## Data items
▽

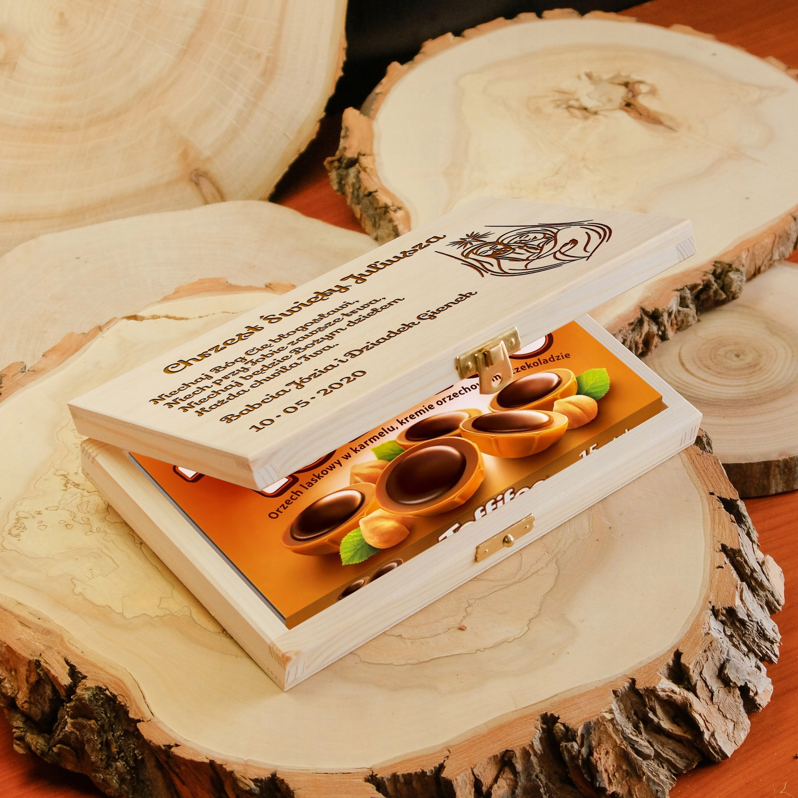 Коробка с персонализированной гравировкой на крышке — идеальная упаковка для небольшого подарка, например шоколада.
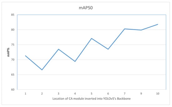 As shown in Figure 3, the x-axis indicates the location of the CA module inserted into YOLOv5’s backbone. It is easy to find that the accuracy of the network gradually increases as the coordinate attention insertion location is moved backwards. Finally, from the above results, the best location of coordinate attention insertion is the 10th which is nearly the end of YOLOv5’s Backbone. We believe that coordinate attention has dual attention characteristics of space and channel, and the spatial attention aspect will be influenced by the Conv and C3 structures. In YOLOv5’s Backbone, Conv will extract features to make the feature map smaller, while C3 will fuse features to make them richer. Therefore, when inserting coordinate attention in Backbone in turn, detection accuracy will show a wave-like trend after each Conv and C3. In YOLOv5’s Backbone, the number of channels gradually increases, and the channel attention part of coordinate attention will play a bigger role, making the overall trend of detection accuracy rise.
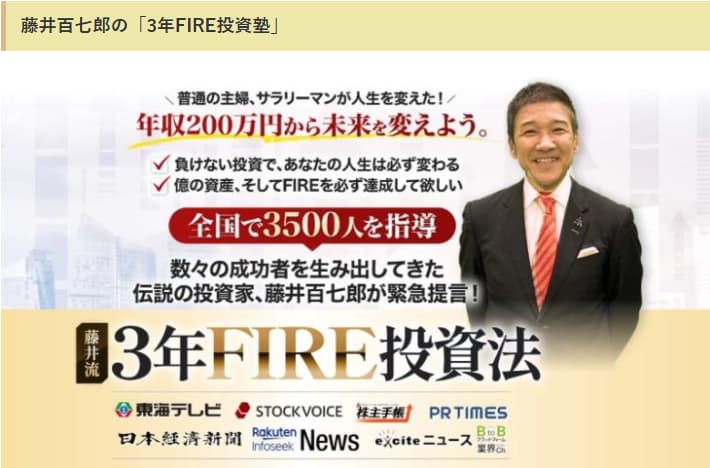 藤井百七郎と「藤井流3年FIRE投資塾」の口コミや評判も調査
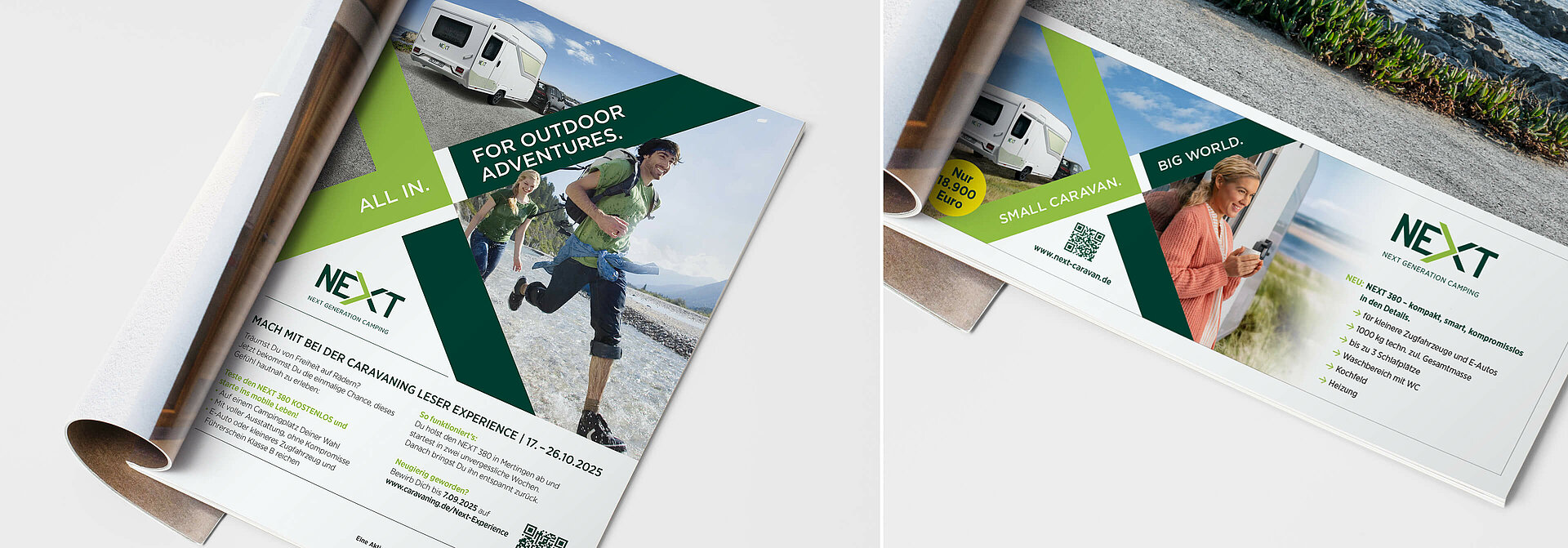 Freizeit, PR, Live-Kommunikation, Branding, Analog, digital„Einsteigen, ankommen, genießen – so leicht kann Camping sein.“ Mit diesem Versprechen startete die Marke NEXT aus dem Hause Fendt-Caravan ihren neuen ultraleichten Wohnwagen in einen gesättigten Markt. Unsere Aufgabe: Händler und die NEXT Generation von Campern gleichermaßen zu begeistern.
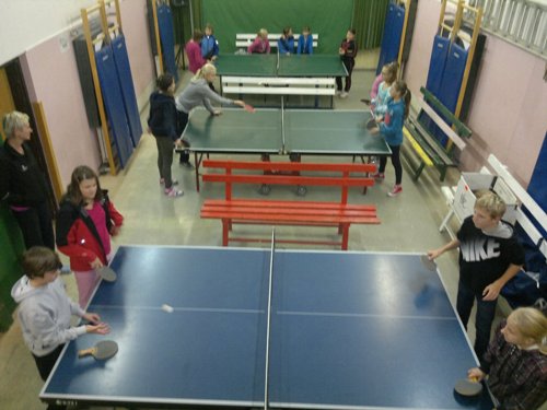 DAN JUHUHU! Naš astronomsko- športni tabor se je pričel takoj potem, ko smo okupirali sobe in nekaj prigriznili. Razdelili smo se v skupine, v katerih smo... ... igrali namizni tenis...

△

## What is being asked
Reproduce exactly the part of the records above that begins at the line holding "gleichermaßen zu begeistern." and ends at the final line, both included, leaving out the pictures.

## Solution for this task
 Freizeit, PR, Live-Kommunikation, Branding, Analog, digital„Einsteigen, ankommen, genießen – so leicht kann Camping sein.“ Mit diesem Versprechen startete die Marke NEXT aus dem Hause Fendt-Caravan ihren neuen ultraleichten Wohnwagen in einen gesättigten Markt. Unsere Aufgabe: Händler und die NEXT Generation von Campern gleichermaßen zu begeistern.
 DAN JUHUHU! Naš astronomsko- športni tabor se je pričel takoj potem, ko smo okupirali sobe in nekaj prigriznili. Razdelili smo se v skupine, v katerih smo... ... igrali namizni tenis...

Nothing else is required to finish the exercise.